### Records shown
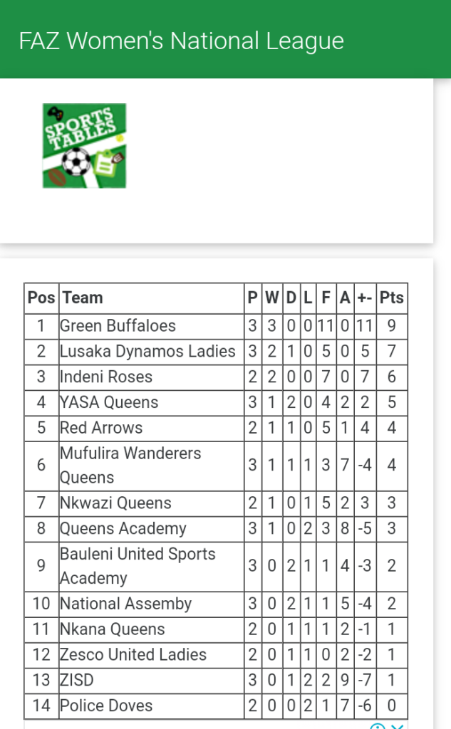 In the earlier games played this morning, in Kabwe at Jasmine Grounds, Queens Academy picked up their first points of the league with a comfortable 3-1 victory over struggling ZISD.
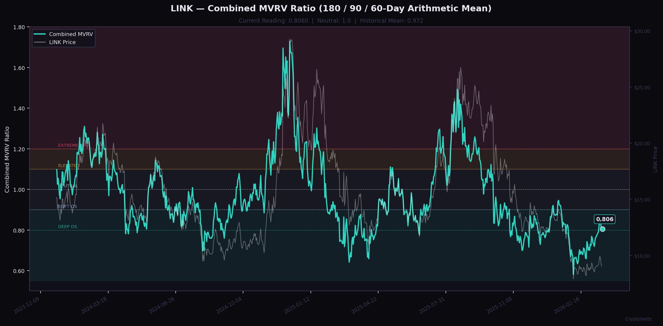Chainlink's average cost basis environment since 2024 is structurally more compressed than Bitcoin's or Ethereum's, so reading 0.806 against its own historical norm (well, since 2024 at least) is a worse signal than the raw number implies when viewed in isolation. 😱
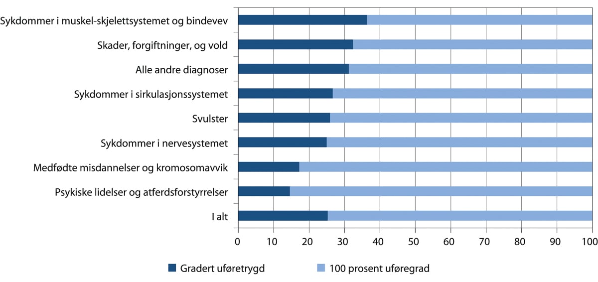Det store flertallet av uføretrygdede har 100 prosent uføretrygd og jobber ikke. Men det er også en del uføretrygdede som kombinerer trygd med betalt arbeid. Ved utgangen av 2019 var 18 prosent av alle mottakere av uføretrygd registrert i arbeid, se figur 10.10. Av de uføre med gradert uføretrygd var det 71 prosent som var i arbeid, mot om lag 5 prosent for de med 100 prosent uføregrad. Om lag 4 av 5 uføre i arbeid var innvilget en gradert uføretrygd.
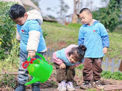 种植活动正式拉开帷幕了!孩子们迫不及待地拉上家长,纷纷拿起小锄头,齐心协力地翻地松土,小心翼翼地将种子播撒进土里,再轻轻覆盖上一层松软的泥土,最后提壶浇水。现场一片忙碌,欢笑声、交流声交织在一起,构成一幅副温馨的画面。
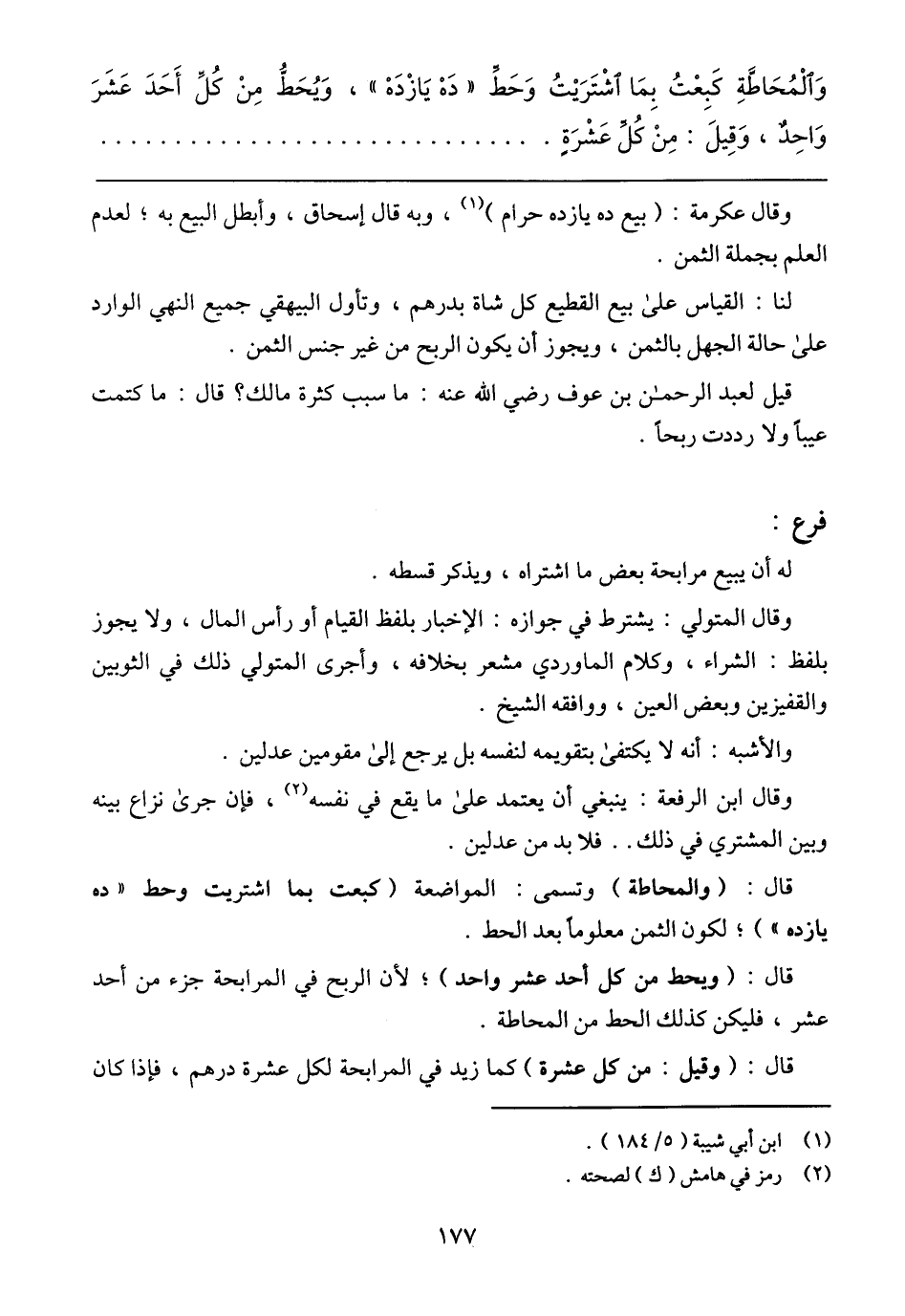 وَالْمُحَاطَّةِ كَبِعْتُ بِمَا اشْتَرَيْتُ وَحَطِّ (دَهْ يَازْدَهْ)، وَيُحَطُّ مِنْ كُلِّ أَحَدَ عَشَرَ وَاحِدٌ، وَقِيلَ: مِنْ كُلِّ عَشْرَةٍ
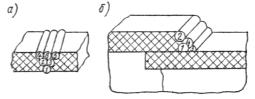 нагрев свариваемых поверхностей должен производиться равномерно до появления на поверхности мелких пузырьков и небольшой волны расплавленной массы прутка и основного материала; сварочный пруток нагревается до более высокой температуры, чем соединяемые, поверхности; угол наклона прутка при подаче его в шов должен быть равен 90°; сила вдавливания прутка в шов должна составлять 14—16 Н (1,4—1,6 кгс) для одинарного сварочного прутка 3 мм и 24—26 Н (2,4—2,6 кгс) для сдвоенного прутка сложного профиля 6Х3 мм; расстояние от наконечника горелки до свариваемых поверхностей должно быть равно 5—10 мм; угол наклона наконечника горелки к поверхности сварного шва должен быть равен 20—45°; правильное распределение тепла осуществляется за счет непрерывного покачивания сопла-горелки и подачи струи горячего воздуха попеременно на пруток и свариваемые поверхности; корень шва должен быть проведен одинарным прутком диаметром 3 мм; средняя скорость укладки сварочного прутка диаметром 3 мм должна составлять 12—15 м/ч; для обеспечения равномерного распределения напряжений в шве укладку прутков в соединении следует выполнять в последовательности, показанной на рис. 21; вытяжка сварочного прутка, уложенного в шов, не должна превышать 20%. 8.25. Механические испытания образцов на растяжение, в соответствии с пп. 8.17 и 8.18, следует производить в случаях, указанных в п. 8.13.
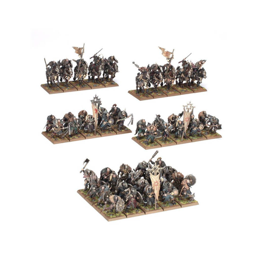 Les tribus qui résident sur les toundras au nord du Monde de Légende forment un peuple robuste dont la culture guerrière s'est établie au fil de longs siècles. Les Puissances de la Ruine sont venues dominer l'existence des tribus de Maraudeurs, car les esprits primordiaux que ceux-ci vénèrent correspondent en vérité aux divinités démoniaques de l'éther, se nourrissant de la dévotion qui leur est adressée par leurs servants mortels.Cette boîte bien remplie est idéale pour débuter une nouvelle collection de Guerriers du Chaos, ou pour étoffer une armée existante, à lâcher contre l'adversaire dans les parties de Warhammer: The Old World. Les Cavaliers Maraudeurs mènent la charge, en tirant parti de leur vitesse pour prendre de flanc et harceler les unités ennemies. Ils sont suivis par les Maraudeurs du Chaos, des combattants frénétiques venus des désolations froides du Nord. C'est dans cette boîte que vous aurez la première occasion de mettre la main sur les nouvelles figurines de Cavaliers Maraudeurs et de Maraudeurs du Chaos, et elle n'est disponible que dans la limite des stocks.Cette boîte permet d'assembler 50 figurines en plastique pour les Guerriers du Chaos :– 40x Maraudeurs du Chaos– 10x Cavaliers MaraudeursLes figurines de ce kit sont faciles à personnaliser. Les Maraudeurs du Chaos peuvent être assemblés en deux grandes unités de 20, ou quatre unités de 10, chacune avec ses propres champions, porte-étendards et musiciens optionnels. Chaque Maraudeur peut être équipé soit d'une arme de base et d'un bouclier, soit d'une arme lourde, soit d'un fléau. Les armes de base et les boucliers sont interchangeables entre toutes les figurines, et chacune d'elles dispose d'un choix de deux têtes, casquée ou nue.Les Cavaliers Maraudeurs peuvent être assemblés en une seule grande unité de 10, ou deux unités de 5, chacune avec ses propres champions, porte-étendards et musiciens optionnels. Chaque Maraudeur peut être équipé soit d'une lance et d'un bouclier, soit d'un fléau, et chacun d'eux dispose d'un choix de deux têtes, casquée ou nue.Ce kit est fourni avec 2x Planches de Décalcos des Guerriers du Chaos, proposant chacune 246x décalcos de grande qualité. Elles incluent des marquages pour le Culte du Chien Sanglant, le Culte du Serpent Sinueux, le Culte de la Corneille Noire et le Culte du Rapace Néfaste, ainsi que d'autres symboles et runes maudites du Chaos.Ce kit est composé de 664 éléments en plastique, de 10x Socles Rectangulaires Citadel de 60x30mm et de 40x Socles Carrés Citadel de 30mm
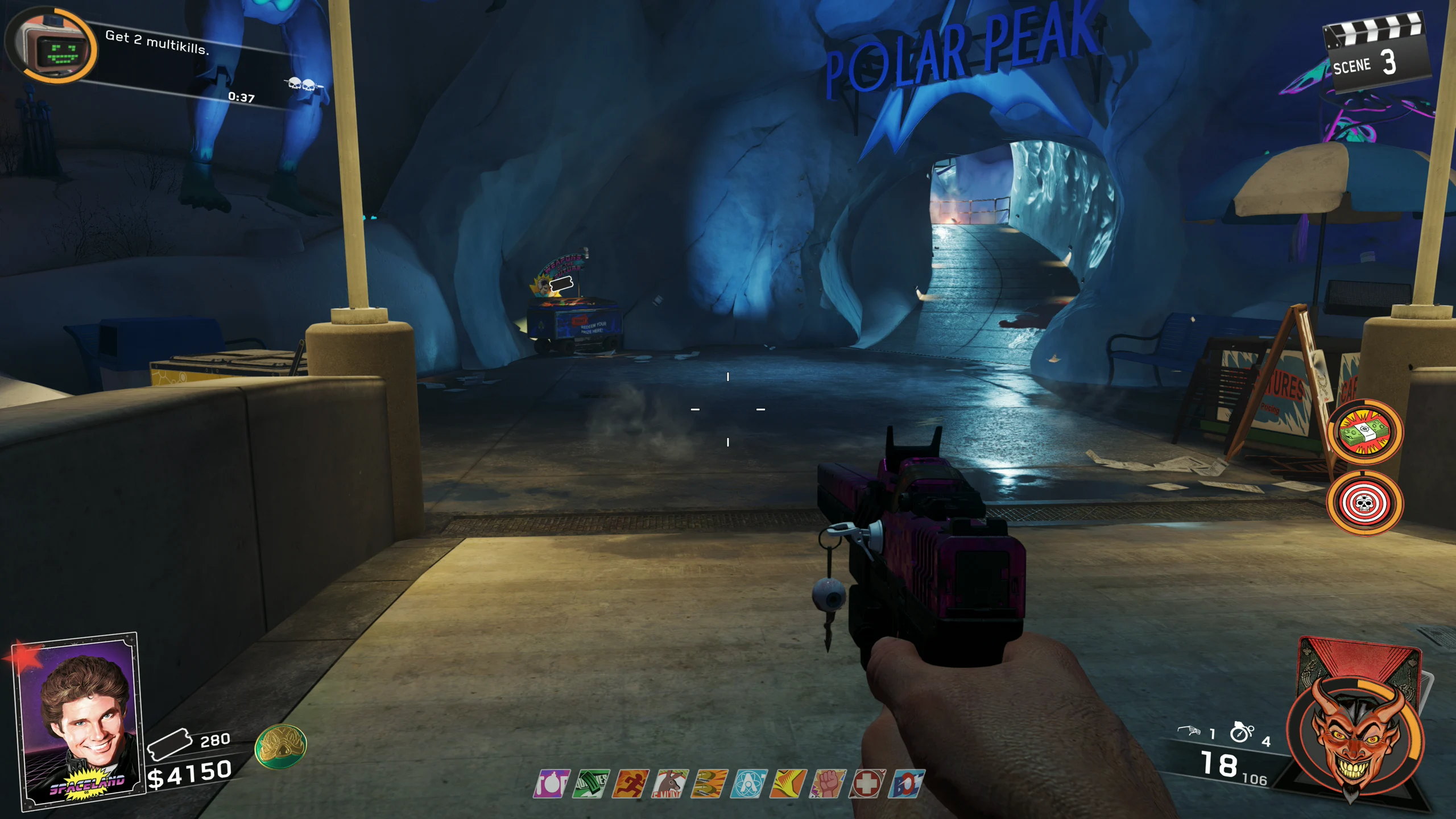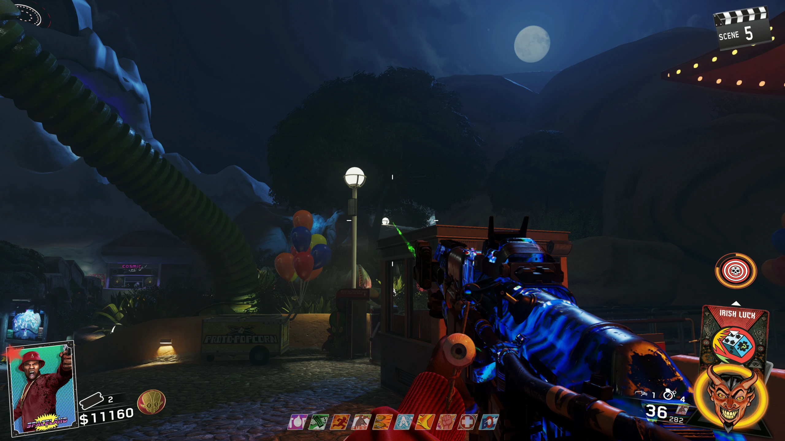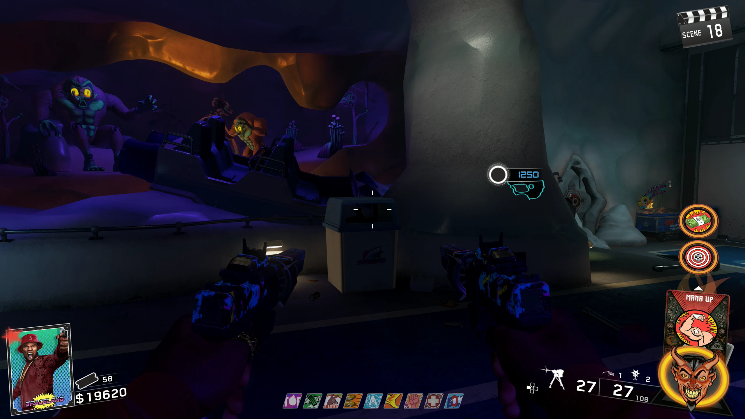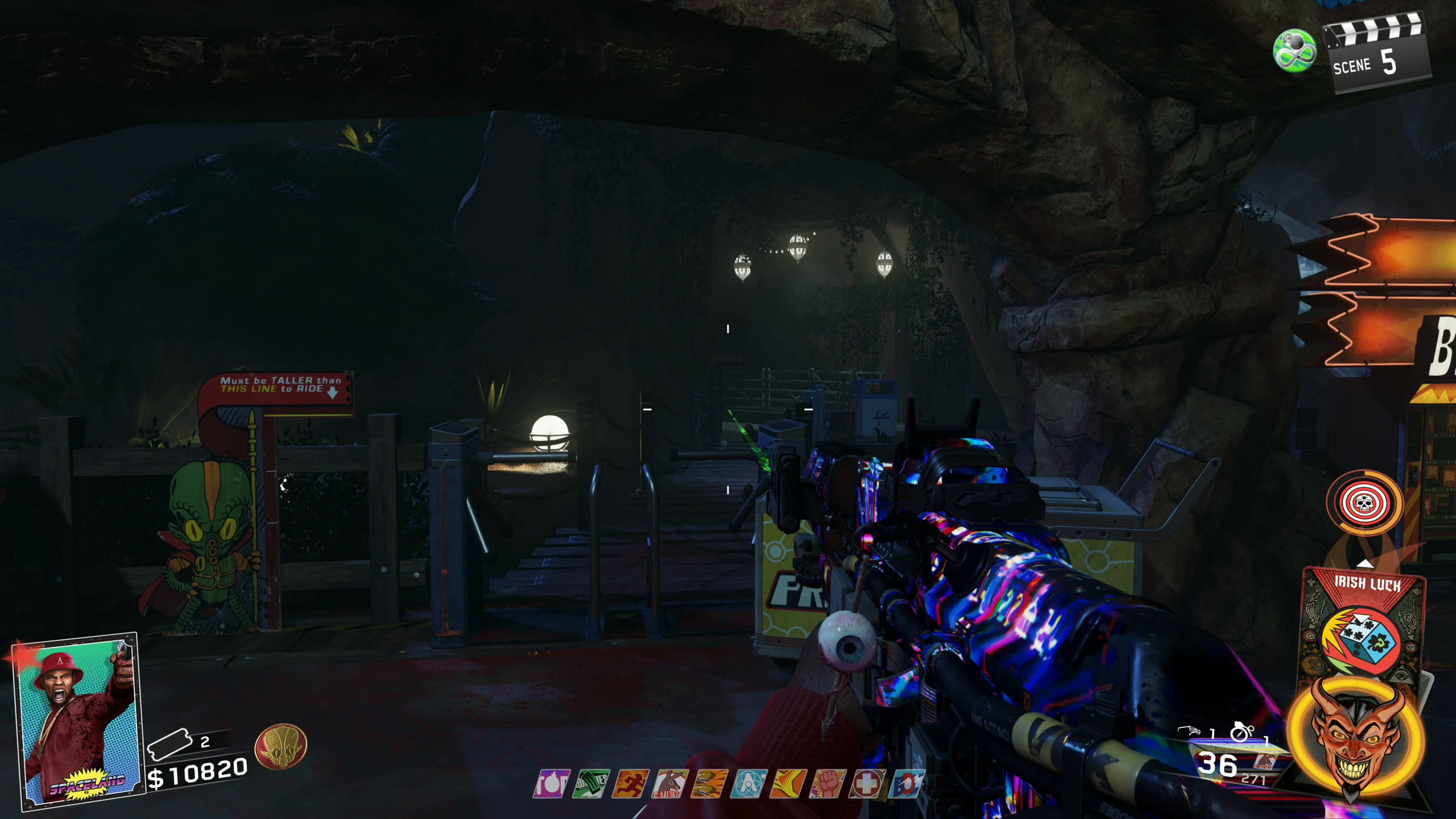 - Ride the Rollercoaster with the sunglasses on. At the end of the first quick downhill section, you will see a Yeti Animatronic breathing cold air. Shoot the White Talisman Mask between the eyes of the Yeti. If done correctly, you will unlock the new Lobby Music.

### Work to be completed
Repeat the data verbatim through the "Chainlink's average cost" line, no pictures.

### Task response
 In the earlier games played this morning, in Kabwe at Jasmine Grounds, Queens Academy picked up their first points of the league with a comfortable 3-1 victory over struggling ZISD.
Chainlink's average cost basis environment since 2024 is structurally more compressed than Bitcoin's or Ethereum's, so reading 0.806 against its own historical norm (well, since 2024 at least) is a worse signal than the raw number implies when viewed in isolation. 😱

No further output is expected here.